Paragraph 11 being relevant herein is quoted below :“11.
The juristic justification of the doctrine of merger may be sought in the principle that there cannot be, at one and the same time, more than one operative order governing the same subject-matter.
Therefore the judgment of an inferior court, if subjected to an examination by the superior court, ceases to have existence in the eye of law and is treated as being superseded by the judgment of the superior court.
In other words, the judgment of the inferior court loses its identity by its merger with the judgment of the superior court.”
Mrs.Shroff further contends, the application under Section 9 could only be made by a party who was desirous of referring the dispute to arbitration.
Hence, before making the said application, the respondents should have taken all possible steps to have the arbitration heard and concluded.
To that extent, the respondents should have cooperated with the appellant so that the Arbitrator could hear both of them in terms of the direction passed by this Court earlier.
Having not done so, the application was not maintainable.
He refers to the decisions of the Apex Court in the cases of Firm Ashok Traders & Anr.
versus Gurumukh Das Saluja & Ors., reported in (2004) 3 SCC 15.and Sundaram Finance LTD.versus NEPC India LTD.reported in (1999) 2 SCC 479.
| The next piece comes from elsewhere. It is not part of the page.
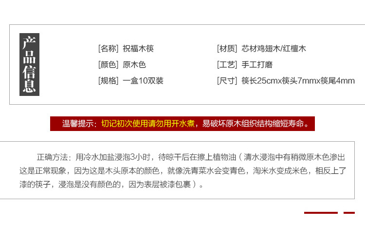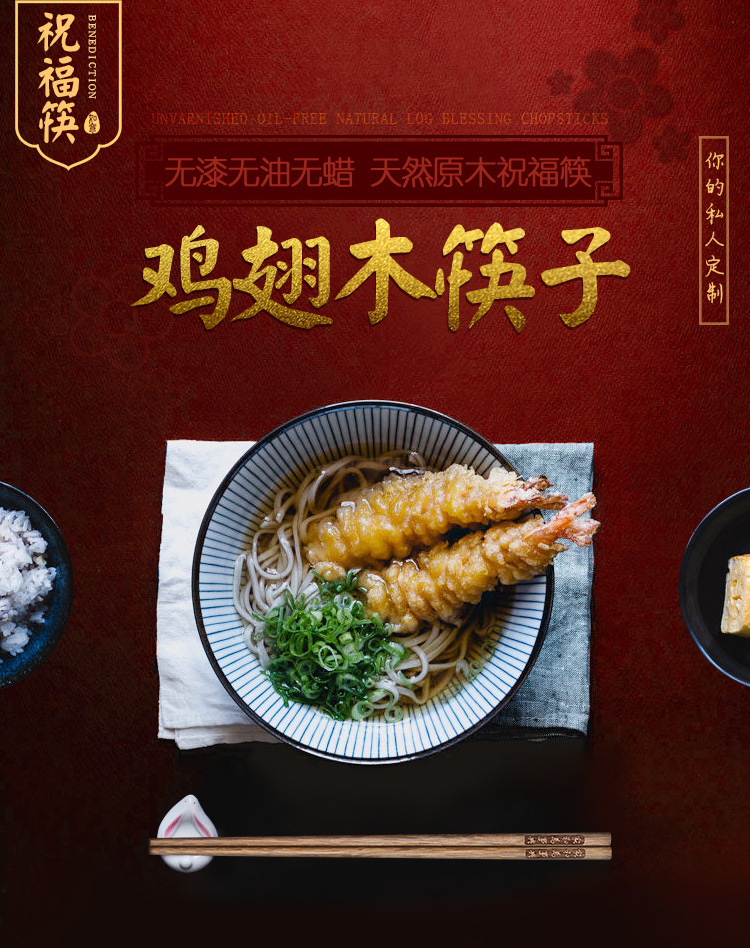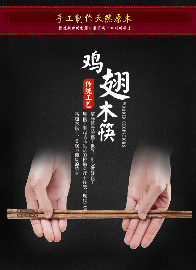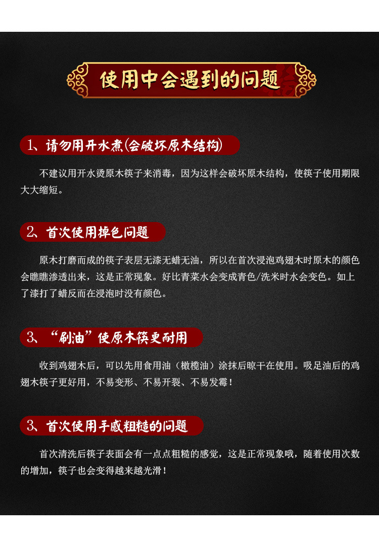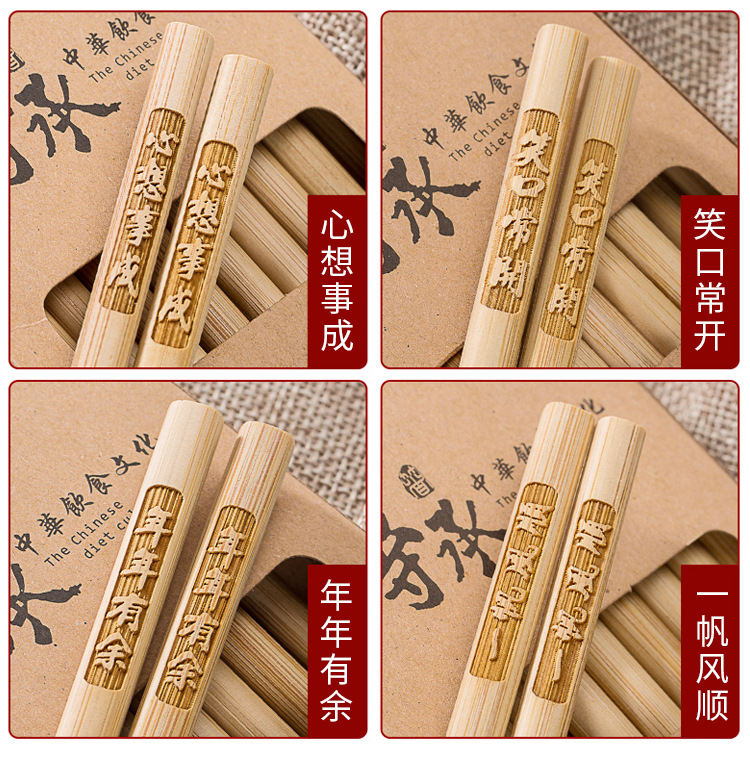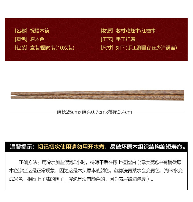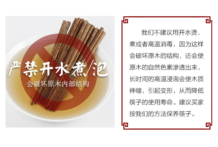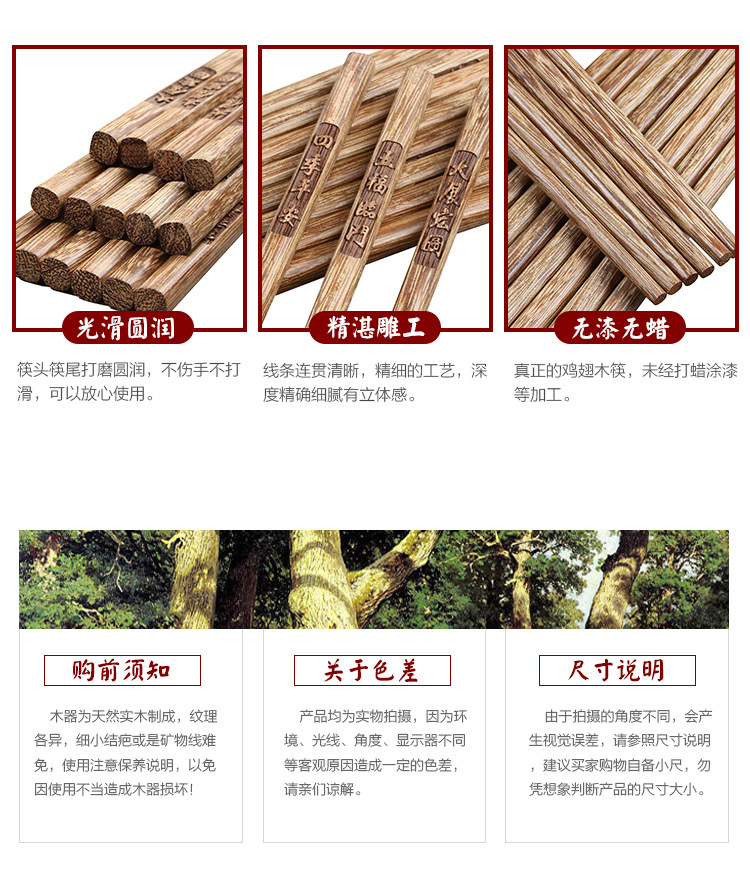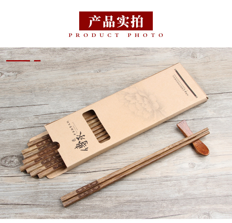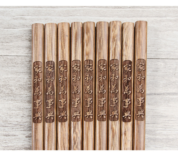 【新年!祝福筷系列 0漆0蜡 鸡翅木筷子】家用实木无漆无蜡 10双家庭装防潮防霉红木质快刻字福筷

Per contra, Mr.Ratnanko Banerji, learned Counsel appearing for the respondents would contend, the appellant created a situation that caused hindrance in resolution of the controveRs.at an early stage.
The appellant would not make payment of any instalment although they are using the equipment.
The appellant would not pay the Arbitrator’s remuneration even then they would insist upon further hearing.
The learned single Judge rightly declined to accede to their request that would deserve no interference by this Court.
We have considered the rival contentions.
The scheme of the Act of 1996, particularly Section 9, would provide power to the Court to give interim protection to the parties to arbitration.
Such interim protection is nothing but an interim arrangement made during the pendency of the arbitration.
The power is also extended in a case where arbitration is yet to commence.
Since no finality is achieved at the Court while disposing of an application under Section 9 extending interim protection to any of the parties to arbitration, the Section 9 application would always be maintainable in a changed circumstance.
Hence, the plea taken by Mrs.Shroff on that score is rejected.
Mrs.Shroff also contends, we should appoint an independent Arbitrator to go into the controversy.
We find such an attempt made by the learned single Judge failed in view of indifferent approach of the appellant.
Even at the admission stage of the appeal, the appellant did not show their bona fide.
Even today Mrs.Shroff is not prepared to make any commitment as to future payments.
We do not find any scope of interference.
The appeal fails and is hereby dismissed.
There would be no order as to costs.
Urgent certified copy of this order, if applied for, be supplied to the parties subject to compliance with all requisite formalities.
(ASHIM KUMAR BANERJEE, J.) (SHUKLA KABIR (SINHA).J.) sd/ AR[CR].